- [THE TASK]: Having located the line with "[James Lewis as", repeat it and all remaining lines of the records exactly. Pictures do not belong in the answer.
═════ RECORDS PROVIDED ═════
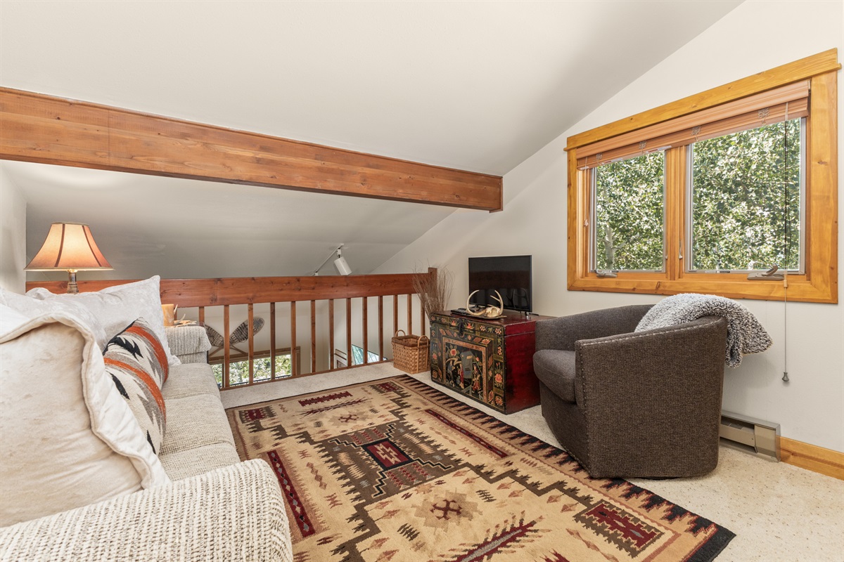 Loft Bedroom – Open loft with queen sleeper sofa, HDTV
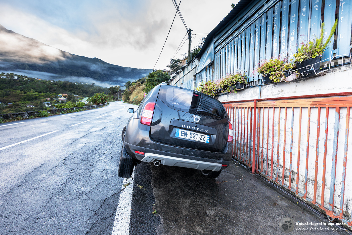 Das Wetter war zwar nicht so optimal, denn es hatte viele Wolken, die recht tief hingen und schon am Morgen bis zum Meer reichten, doch wir wollten unbedingt die RN5 fahren, die als kurven- und tunnelreich bekannt ist. Die Straße wurde 1938 eröffnet, sie führt durch eine gut 30 km lange Bergschlucht (Bras de Cilaos) und besteht aus 420 Kurven und Kehren. So ging es durch dichte Wolken mit stellenweise fast keiner Sicht. Wir schraubten uns in Serpentinen in die Höhe und Chris musste oft ganz schön am Lenkrad kurbeln. Zum Glück waren wir ja hier auf Réunion schon einiges gewohnt und hatten auch auf den einspurigen Stücken keine Hemmung zu Hupen, denn das hatten wir schon in Peru hinter uns gelassen…. So früh am Morgen war uns jedoch das Glück hold und niemand kam uns entgegen. Auch die drei Tunnel waren wirklich interessant, denn wir passten zwar gut hindurch, aber die LKWs und Busse mussten schon etwas den Bauch einziehen. Je höher wir kamen, desto dünner wurden die Wolken. Ab und zu war sogar blauer Himmel zu erkennen und ein erstes Licht fiel auf die Bergspitzen. Irgendwann waren wir dann über den Wolken im schönsten Sonnenschein. Wir kamen durch hübsche Bergdörfer. Rings um uns herum waren die Gipfel der hohen Berge an denen Wolkenfetzen hingen. Ein wirklich zauberhafter Anblick. An einer besonders schönen Aussicht lenkte Chris den Duster auf eine kleine Hauseinfahrt an den Straßenrand und wir machten ein paar Bilder und betrachteten verzückt die wunderbare Berglandschaft um uns herum. Als wir weiterfahren wollten, fuhr Chris etwas vor, als es auf einmal krachte und wir total schief standen. Irritiert verließen wir das Auto. Was war denn das? Ach nein, das konnte doch nicht wahr sein. Durch das meterhohe Gestrüpp am Straßenrand hatten wir nicht gesehen, dass es hier tief in einen Graben hinab ging und so hing unser Auto mit einem Reifen in dem Graben und hinten mit einem Reifen in der Luft. Oh je, was sollen wir denn jetzt machen, fragten wir uns. Natürlich sprachen wir noch immer kein Wort Französisch… Wimg src="/render/w320-c3:2/filepath/ährend wir noch überlegten, hielt ein Auto und ein sehr hilfsbereites Paar stieg aus. Mit Händen und Füßen konnten wir uns etwas verständigen und der Mann deutete uns, dass wir warten sollen. Er rief etwas nach unten in das Tal und kam kurz darauf mit einem weiteren Mann zurück. Jetzt versuchten sie das Auto vorne hoch zu heben, was nicht gelang, aber dann hatten sie die Idee, sich hinten auf das Auto zu stellen und Chris sollte rückwärtsfahren. Das klappte und wie durch ein Wunder war unser Auto wieder frei und es war gar nichts passiert. Nicht einmal ein kleiner Kratzer war zu sehen. Sehr erleichtert bedanken wir uns bei den freiwilligen Helfern, die genauso strahlten wie wir und machten uns wieder auf den Weg.
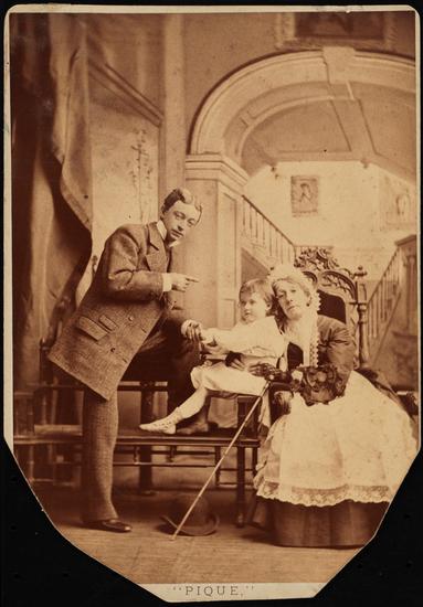 [James Lewis as Sammy Dymple, Mrs. G. H. Gilbert as Aunt Dorothy and Belle Wharton as Little Arthur in "Pique".]
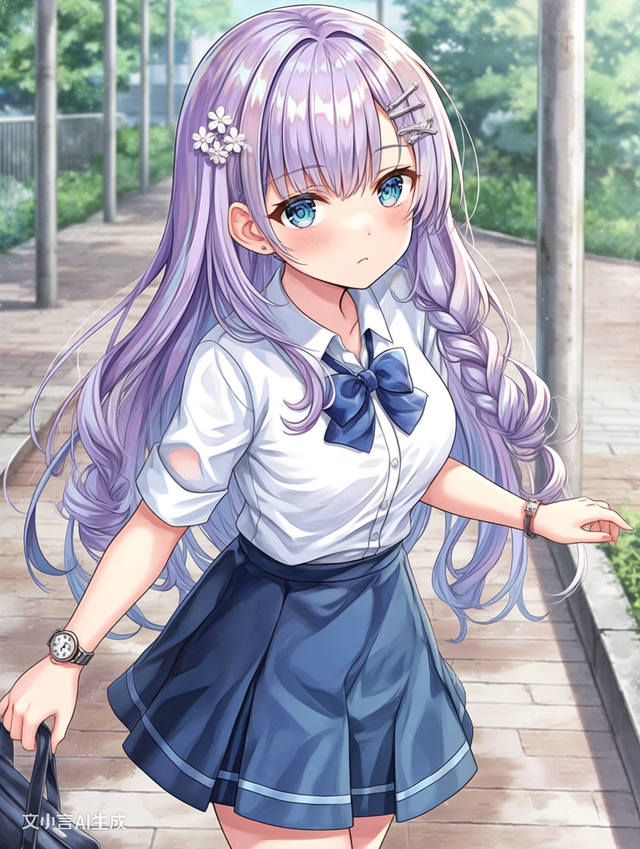 一个淡紫色长发,浅蓝色眼睛的女孩抱怨道,她的头发披散在身上,有些卷卷的样子,头发帘左侧卡着两个银白色的发卡,一个是侧V形的,一个是由4朵小花组成的,她穿着白色的校服,胸前打着蝴蝶结,袖子卷到了一半,上边的校服被塞到了下面蓝色的校裙中,纤细的身材被映衬出来,左手带着一个很复古的手表,有些生气的往前走着。
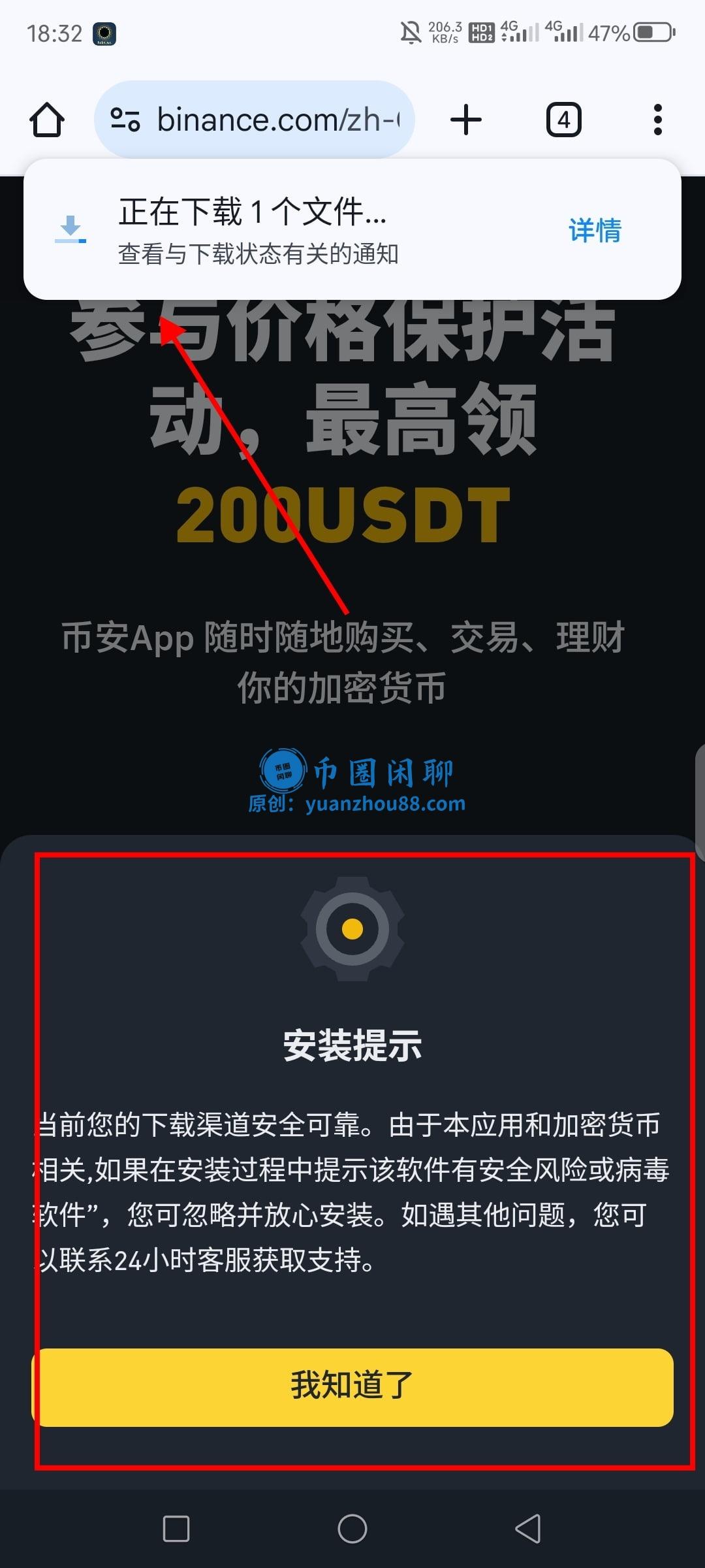点击下载按钮后,您将进入下载页面,选择“Android”或“APK Download”选项,浏览器随即开始下载币安APP的安装包(.apk文件)。
═════
- [SOLVED PROBLEM]:
 [James Lewis as Sammy Dymple, Mrs. G. H. Gilbert as Aunt Dorothy and Belle Wharton as Little Arthur in "Pique".]
 一个淡紫色长发,浅蓝色眼睛的女孩抱怨道,她的头发披散在身上,有些卷卷的样子,头发帘左侧卡着两个银白色的发卡,一个是侧V形的,一个是由4朵小花组成的,她穿着白色的校服,胸前打着蝴蝶结,袖子卷到了一半,上边的校服被塞到了下面蓝色的校裙中,纤细的身材被映衬出来,左手带着一个很复古的手表,有些生气的往前走着。
点击下载按钮后,您将进入下载页面,选择“Android”或“APK Download”选项,浏览器随即开始下载币安APP的安装包(.apk文件)。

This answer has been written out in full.